■ What is required
Could you please transcribe the data exactly, without the pictures?

■ Data provided
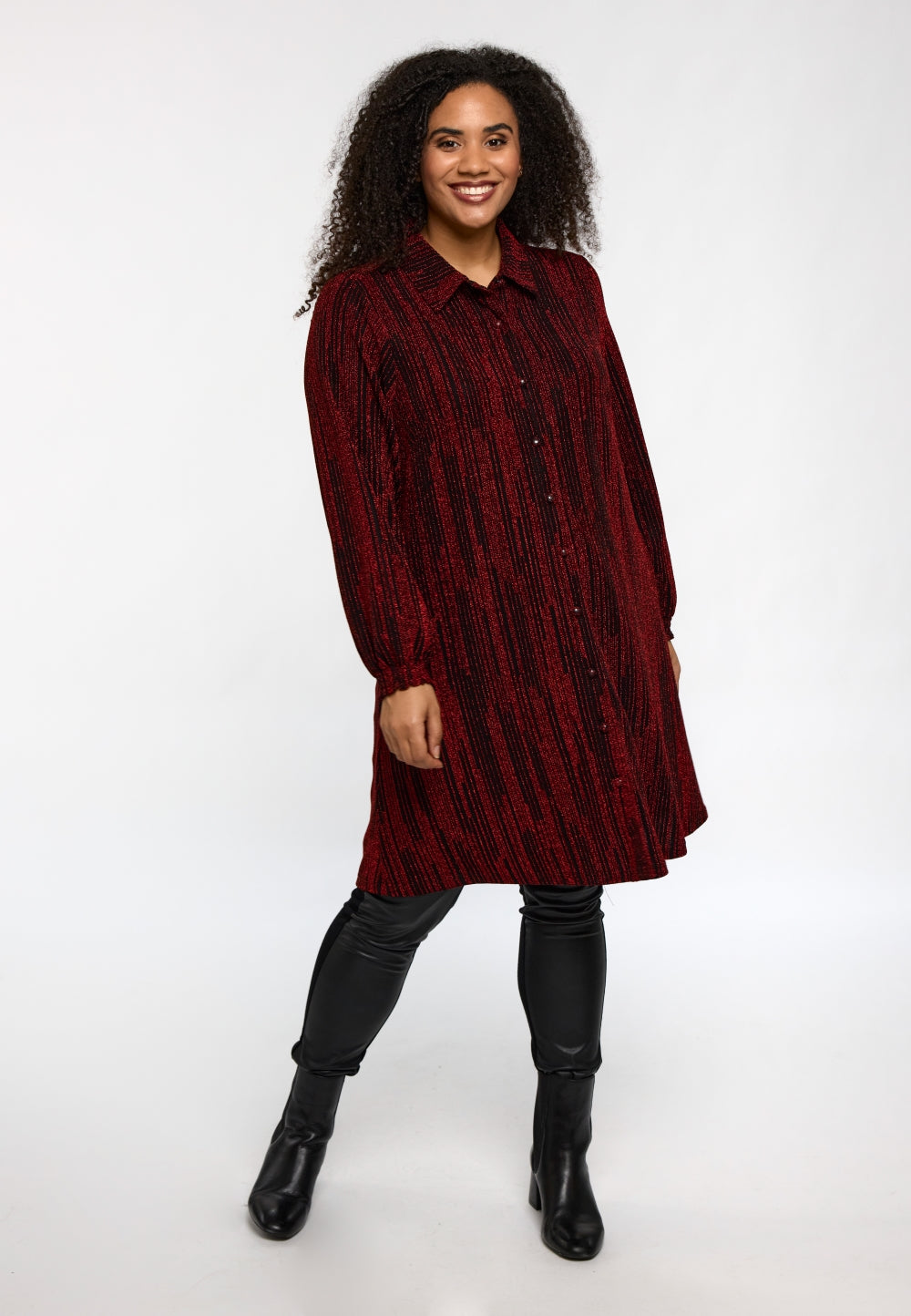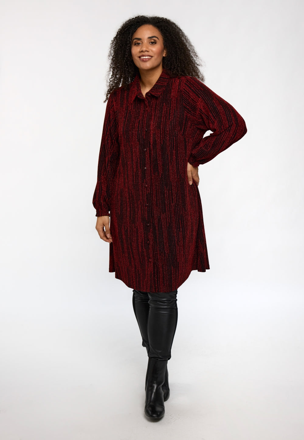 Det lette og elastiske materiale gør skjorten ideel til særlige anledninger eller når outfittet skal have et eksklusivt touch. Brug den som skjortekjole eller style den med et par plus size leggings eller plus size jeans for et moderne udtryk.
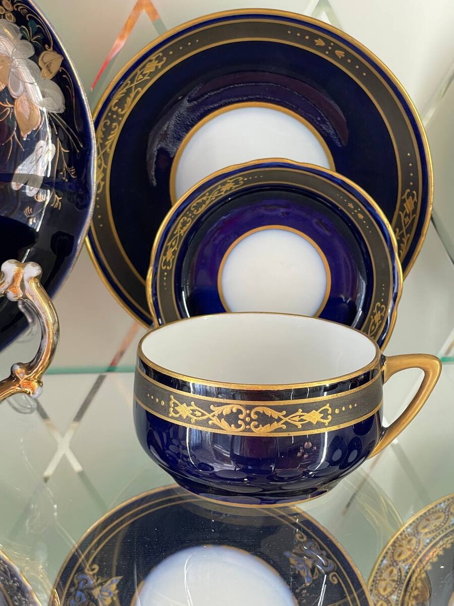 Далее кобальт с золотом и серебром. Иногда можно услышать от людей, которые далеки от фарфоровой темы: что это за странный серый цвет? Оказывается это серебрение. Рисунок, нанесенный такими красками менее устойчивый, чем золочение. А темнеет серебро очень быстро.
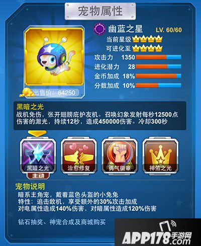 幽蓝之星在皇冠宠之中独具人气与其面面俱到的技能设置息息相关。而在追击敌机时,它还可享受30%的攻击加成,攻击效果对电属性、暗属性敌机尤为显著,是值得收入并培养至满级的强力宠物。
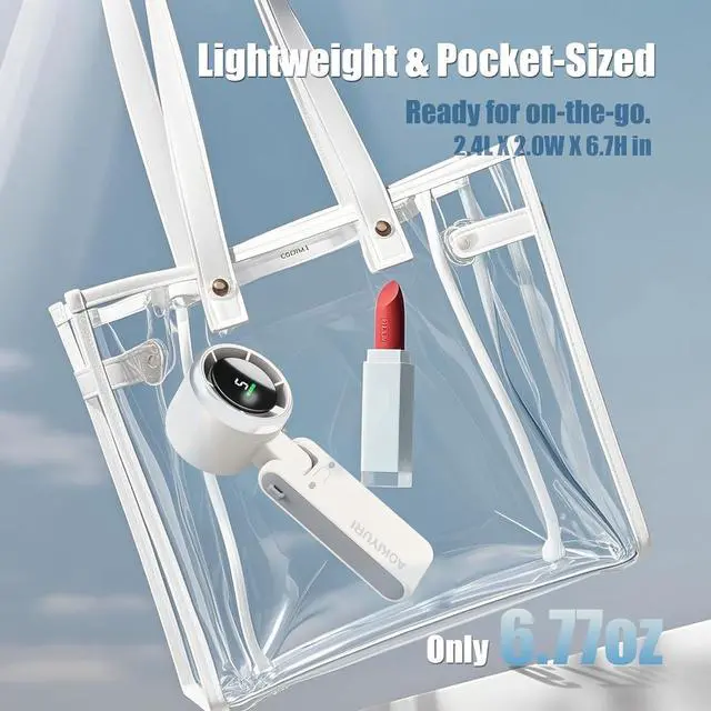 Smart LED Display Turbo Handheld Fan Real-Time Power Monitoring - HD screen shows exact battery % & speed level (1-5) Low-Power Alert - Flashing reminder when charge drops below 10% Travel Essential - Fits in cup holders & backpacks (6.8oz)

■ Solved problem
 Det lette og elastiske materiale gør skjorten ideel til særlige anledninger eller når outfittet skal have et eksklusivt touch. Brug den som skjortekjole eller style den med et par plus size leggings eller plus size jeans for et moderne udtryk.
 Далее кобальт с золотом и серебром. Иногда можно услышать от людей, которые далеки от фарфоровой темы: что это за странный серый цвет? Оказывается это серебрение. Рисунок, нанесенный такими красками менее устойчивый, чем золочение. А темнеет серебро очень быстро.
 幽蓝之星在皇冠宠之中独具人气与其面面俱到的技能设置息息相关。而在追击敌机时,它还可享受30%的攻击加成,攻击效果对电属性、暗属性敌机尤为显著,是值得收入并培养至满级的强力宠物。
 Smart LED Display Turbo Handheld Fan Real-Time Power Monitoring - HD screen shows exact battery % & speed level (1-5) Low-Power Alert - Flashing reminder when charge drops below 10% Travel Essential - Fits in cup holders & backpacks (6.8oz)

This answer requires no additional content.